Records for the exercise >>
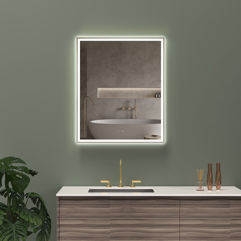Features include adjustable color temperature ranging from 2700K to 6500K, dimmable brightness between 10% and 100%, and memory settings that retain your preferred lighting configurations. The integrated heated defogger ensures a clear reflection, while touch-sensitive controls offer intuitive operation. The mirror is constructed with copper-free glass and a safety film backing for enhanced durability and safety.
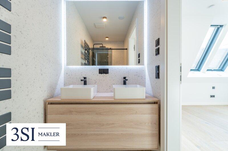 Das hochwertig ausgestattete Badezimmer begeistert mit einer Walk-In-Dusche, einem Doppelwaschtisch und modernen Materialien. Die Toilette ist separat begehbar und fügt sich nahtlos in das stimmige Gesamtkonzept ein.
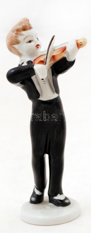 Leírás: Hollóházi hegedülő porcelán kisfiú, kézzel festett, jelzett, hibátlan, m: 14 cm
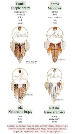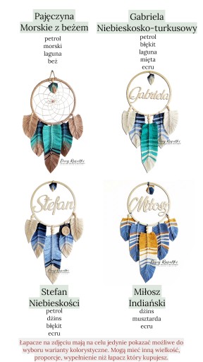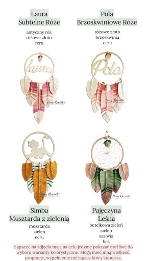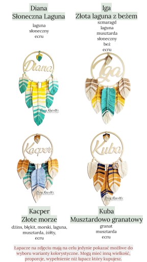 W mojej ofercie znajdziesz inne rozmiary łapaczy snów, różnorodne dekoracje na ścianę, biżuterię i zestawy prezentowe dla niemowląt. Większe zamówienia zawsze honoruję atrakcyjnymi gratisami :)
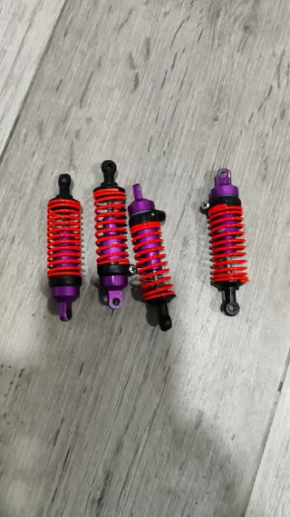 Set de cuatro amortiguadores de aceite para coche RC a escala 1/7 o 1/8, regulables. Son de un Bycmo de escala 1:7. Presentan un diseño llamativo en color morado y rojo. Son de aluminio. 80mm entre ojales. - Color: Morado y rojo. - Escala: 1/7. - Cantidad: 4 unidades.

--

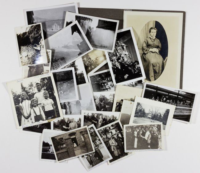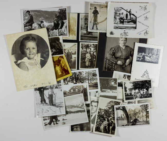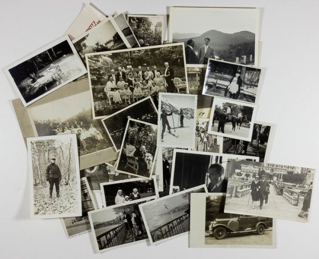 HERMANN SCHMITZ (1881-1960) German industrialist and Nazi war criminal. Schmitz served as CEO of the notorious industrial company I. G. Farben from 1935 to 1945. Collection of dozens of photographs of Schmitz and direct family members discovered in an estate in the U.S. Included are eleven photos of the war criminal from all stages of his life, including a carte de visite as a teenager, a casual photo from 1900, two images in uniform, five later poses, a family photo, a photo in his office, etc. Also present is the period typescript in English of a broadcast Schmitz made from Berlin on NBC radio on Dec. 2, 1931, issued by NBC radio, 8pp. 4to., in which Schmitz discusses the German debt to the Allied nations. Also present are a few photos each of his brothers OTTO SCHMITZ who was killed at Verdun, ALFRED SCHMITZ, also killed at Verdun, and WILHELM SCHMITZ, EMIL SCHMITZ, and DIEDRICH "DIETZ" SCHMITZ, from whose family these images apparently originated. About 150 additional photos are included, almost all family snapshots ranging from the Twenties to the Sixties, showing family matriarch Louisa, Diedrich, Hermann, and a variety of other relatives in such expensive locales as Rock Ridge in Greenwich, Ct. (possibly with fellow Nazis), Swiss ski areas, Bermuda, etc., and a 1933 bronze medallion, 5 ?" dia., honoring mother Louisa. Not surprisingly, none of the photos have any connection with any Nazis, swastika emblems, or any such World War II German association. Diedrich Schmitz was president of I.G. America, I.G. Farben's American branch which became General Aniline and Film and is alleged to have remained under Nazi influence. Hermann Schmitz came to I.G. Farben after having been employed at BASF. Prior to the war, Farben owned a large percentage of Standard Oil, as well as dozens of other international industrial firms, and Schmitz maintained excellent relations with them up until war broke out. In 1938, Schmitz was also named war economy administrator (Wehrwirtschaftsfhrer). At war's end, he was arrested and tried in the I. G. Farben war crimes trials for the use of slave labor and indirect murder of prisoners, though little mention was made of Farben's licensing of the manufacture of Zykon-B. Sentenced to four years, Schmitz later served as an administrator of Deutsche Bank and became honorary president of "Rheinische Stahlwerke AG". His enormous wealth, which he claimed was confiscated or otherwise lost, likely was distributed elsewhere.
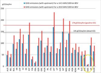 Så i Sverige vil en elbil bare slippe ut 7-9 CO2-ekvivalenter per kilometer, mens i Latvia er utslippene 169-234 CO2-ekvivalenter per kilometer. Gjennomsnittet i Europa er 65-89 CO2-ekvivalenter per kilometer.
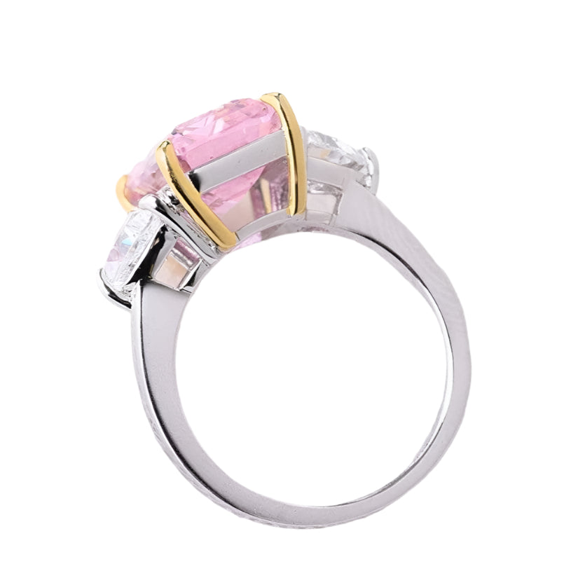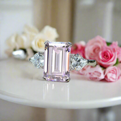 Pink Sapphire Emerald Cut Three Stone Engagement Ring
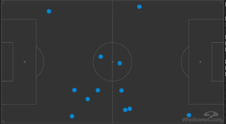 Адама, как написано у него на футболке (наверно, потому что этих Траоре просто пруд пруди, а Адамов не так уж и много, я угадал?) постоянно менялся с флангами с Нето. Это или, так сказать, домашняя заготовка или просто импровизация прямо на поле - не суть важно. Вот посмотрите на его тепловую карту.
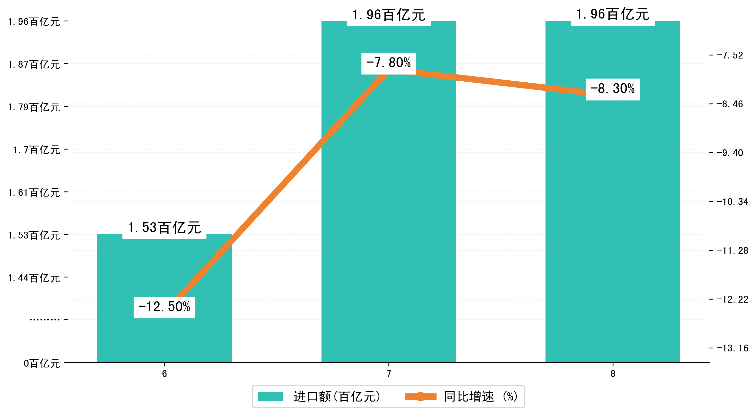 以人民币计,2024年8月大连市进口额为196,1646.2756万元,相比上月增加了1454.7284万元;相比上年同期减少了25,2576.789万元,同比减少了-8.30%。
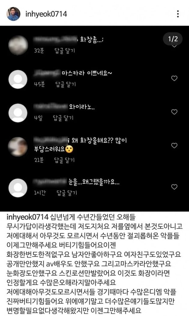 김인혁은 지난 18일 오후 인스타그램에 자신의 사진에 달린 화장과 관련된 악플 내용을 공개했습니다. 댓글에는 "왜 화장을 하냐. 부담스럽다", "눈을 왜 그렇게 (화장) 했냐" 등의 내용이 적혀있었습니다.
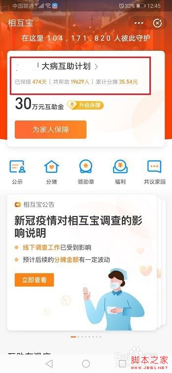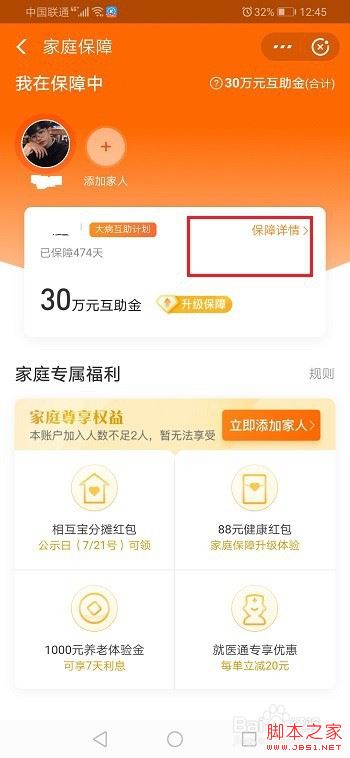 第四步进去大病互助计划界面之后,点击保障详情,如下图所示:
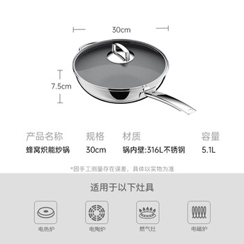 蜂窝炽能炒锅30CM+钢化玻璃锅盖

Prompt >> Go down the entries above from the line containing "Så i Sverige" to the line containing "Адама, как написано" and write out each line exactly, leaving pictures out.

Solution to this problem >>
 Så i Sverige vil en elbil bare slippe ut 7-9 CO2-ekvivalenter per kilometer, mens i Latvia er utslippene 169-234 CO2-ekvivalenter per kilometer. Gjennomsnittet i Europa er 65-89 CO2-ekvivalenter per kilometer.
 Pink Sapphire Emerald Cut Three Stone Engagement Ring
 Адама, как написано у него на футболке (наверно, потому что этих Траоре просто пруд пруди, а Адамов не так уж и много, я угадал?) постоянно менялся с флангами с Нето. Это или, так сказать, домашняя заготовка или просто импровизация прямо на поле - не суть важно. Вот посмотрите на его тепловую карту.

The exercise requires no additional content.